**ACTIVITY:**
Take the line containing "65Selling a Canon" and every line after it to the end of the records, and copy them exactly, leaving out pictures.

**Stored items from a collection:**
□ □ □ □ □

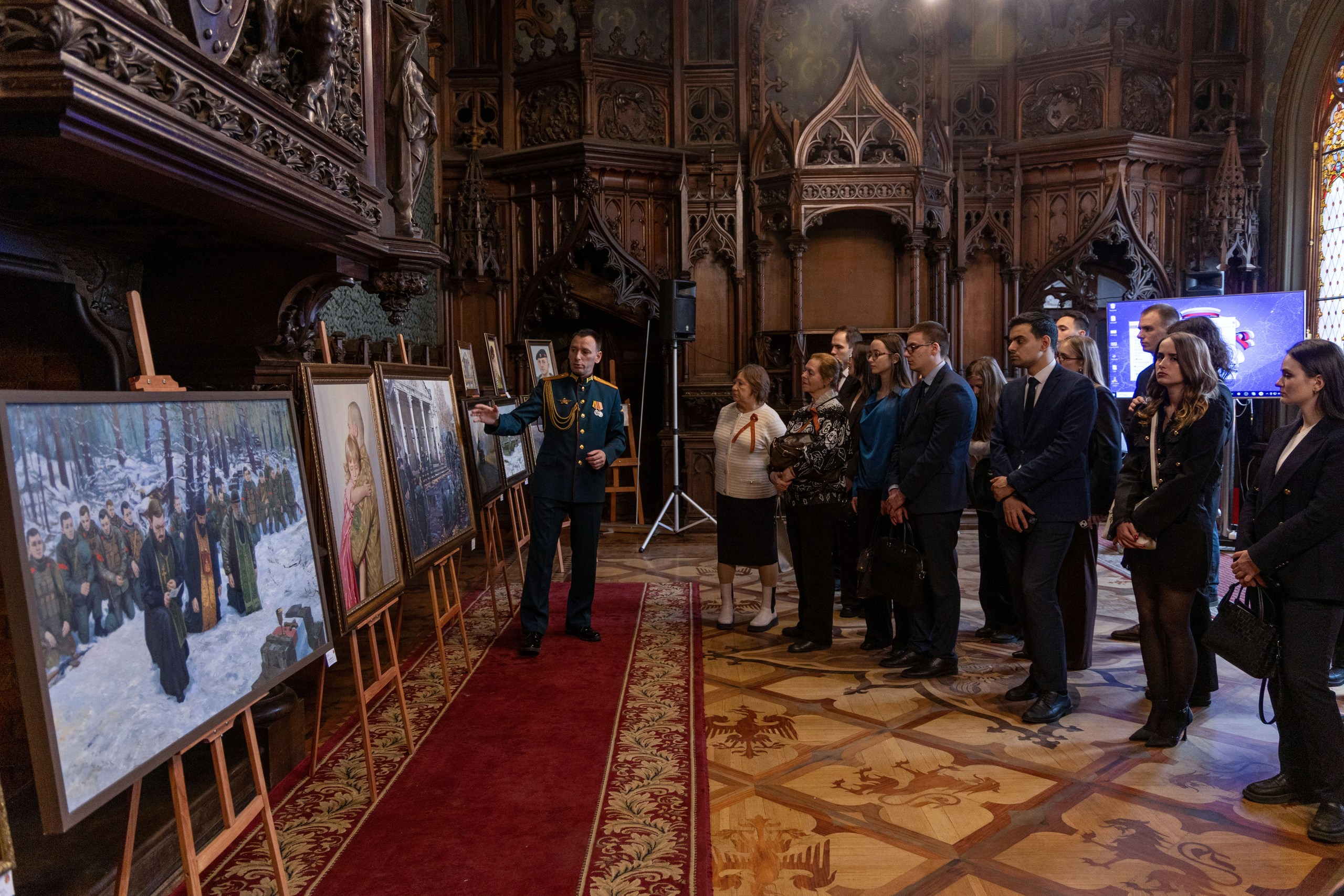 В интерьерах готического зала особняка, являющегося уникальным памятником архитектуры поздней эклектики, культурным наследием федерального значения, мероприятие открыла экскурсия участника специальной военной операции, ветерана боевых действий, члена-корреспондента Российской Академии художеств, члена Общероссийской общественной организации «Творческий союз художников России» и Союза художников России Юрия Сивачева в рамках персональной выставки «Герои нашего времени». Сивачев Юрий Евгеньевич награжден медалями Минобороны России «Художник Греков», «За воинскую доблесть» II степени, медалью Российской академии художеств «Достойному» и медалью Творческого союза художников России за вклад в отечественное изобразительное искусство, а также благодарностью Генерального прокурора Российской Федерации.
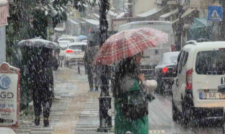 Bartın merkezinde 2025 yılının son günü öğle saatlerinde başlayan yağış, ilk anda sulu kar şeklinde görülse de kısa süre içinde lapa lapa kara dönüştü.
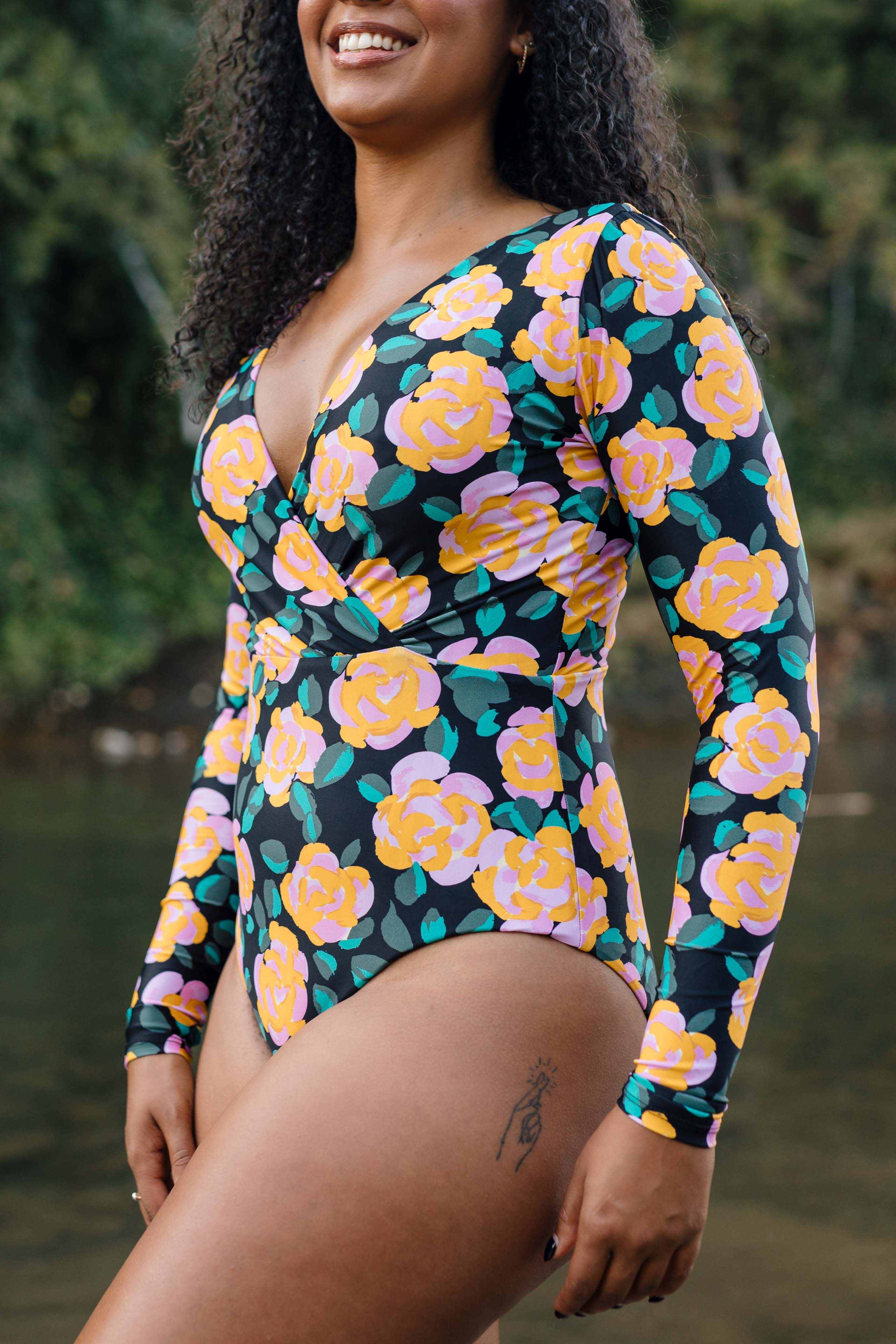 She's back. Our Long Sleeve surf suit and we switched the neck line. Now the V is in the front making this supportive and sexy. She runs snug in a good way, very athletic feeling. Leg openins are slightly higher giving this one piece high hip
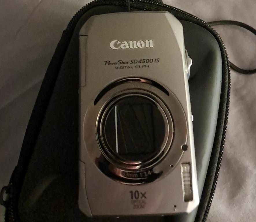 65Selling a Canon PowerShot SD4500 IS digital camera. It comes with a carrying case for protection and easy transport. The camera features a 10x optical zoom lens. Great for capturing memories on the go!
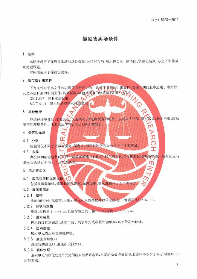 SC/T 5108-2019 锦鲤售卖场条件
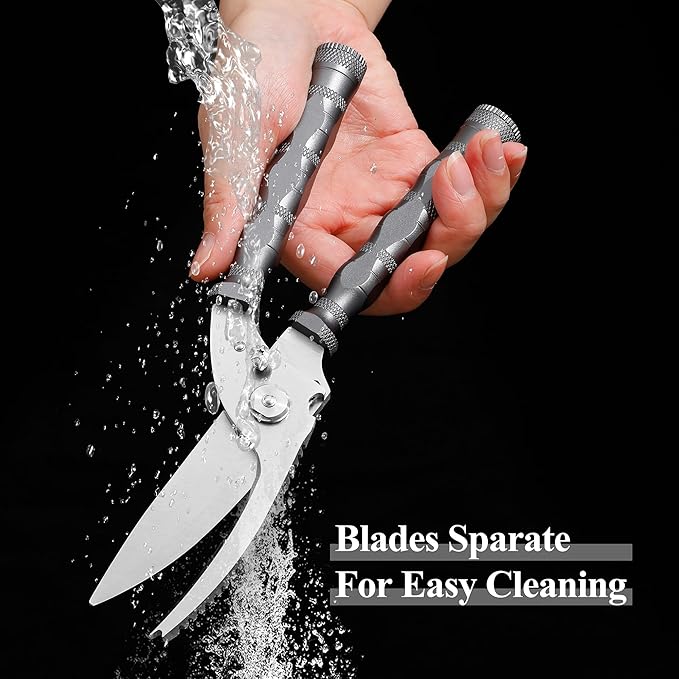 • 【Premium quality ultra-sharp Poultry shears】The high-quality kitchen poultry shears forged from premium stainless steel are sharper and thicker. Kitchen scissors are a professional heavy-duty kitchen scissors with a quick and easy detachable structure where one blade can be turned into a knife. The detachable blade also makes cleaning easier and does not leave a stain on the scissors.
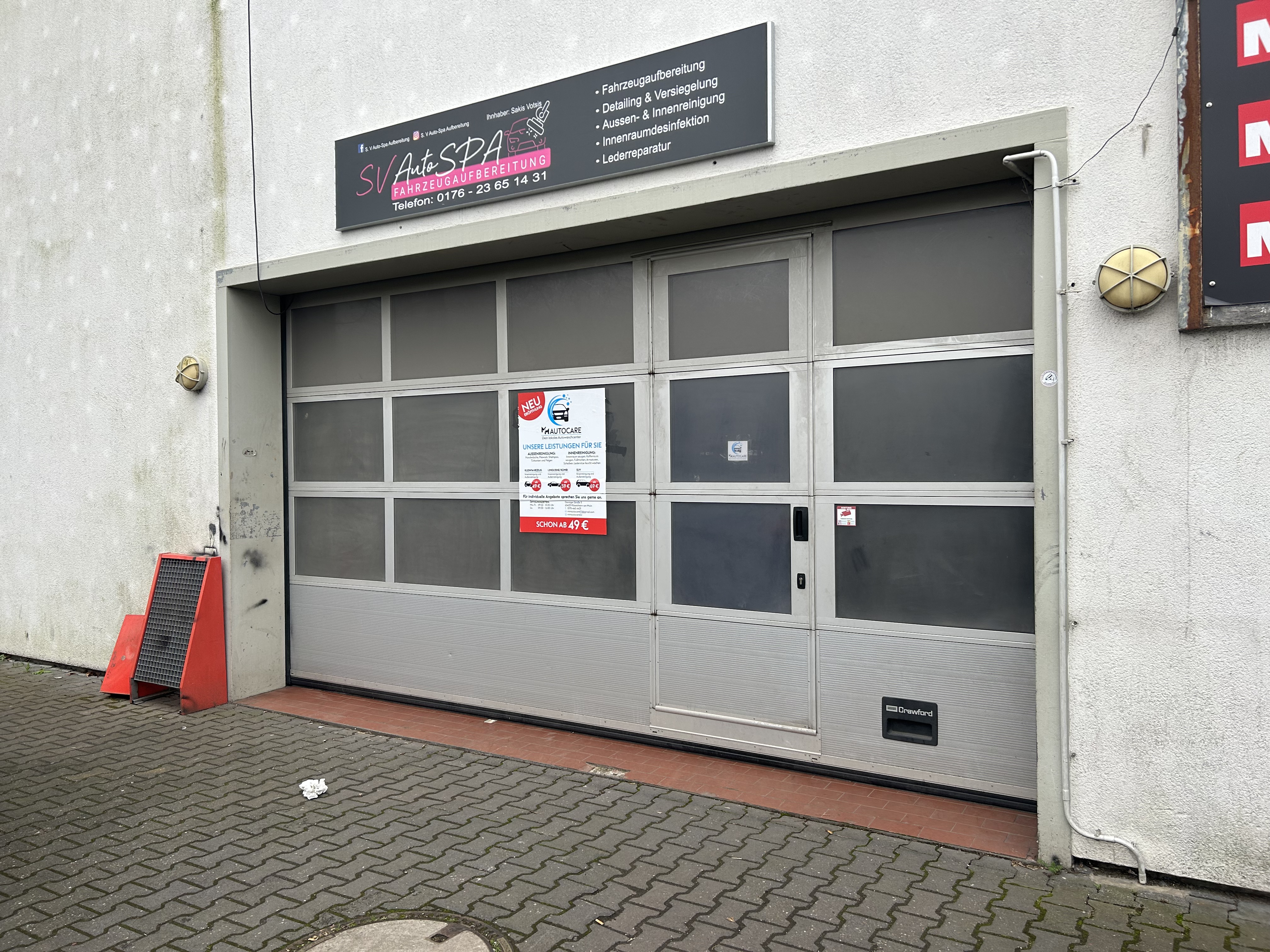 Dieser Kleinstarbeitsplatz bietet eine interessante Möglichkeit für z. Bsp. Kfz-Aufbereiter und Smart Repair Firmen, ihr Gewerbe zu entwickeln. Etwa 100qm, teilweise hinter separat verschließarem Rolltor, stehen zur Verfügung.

□ □ □ □ □

**WRITTEN RESPONSE:**
 65Selling a Canon PowerShot SD4500 IS digital camera. It comes with a carrying case for protection and easy transport. The camera features a 10x optical zoom lens. Great for capturing memories on the go!
 SC/T 5108-2019 锦鲤售卖场条件
 • 【Premium quality ultra-sharp Poultry shears】The high-quality kitchen poultry shears forged from premium stainless steel are sharper and thicker. Kitchen scissors are a professional heavy-duty kitchen scissors with a quick and easy detachable structure where one blade can be turned into a knife. The detachable blade also makes cleaning easier and does not leave a stain on the scissors.
 Dieser Kleinstarbeitsplatz bietet eine interessante Möglichkeit für z. Bsp. Kfz-Aufbereiter und Smart Repair Firmen, ihr Gewerbe zu entwickeln. Etwa 100qm, teilweise hinter separat verschließarem Rolltor, stehen zur Verfügung.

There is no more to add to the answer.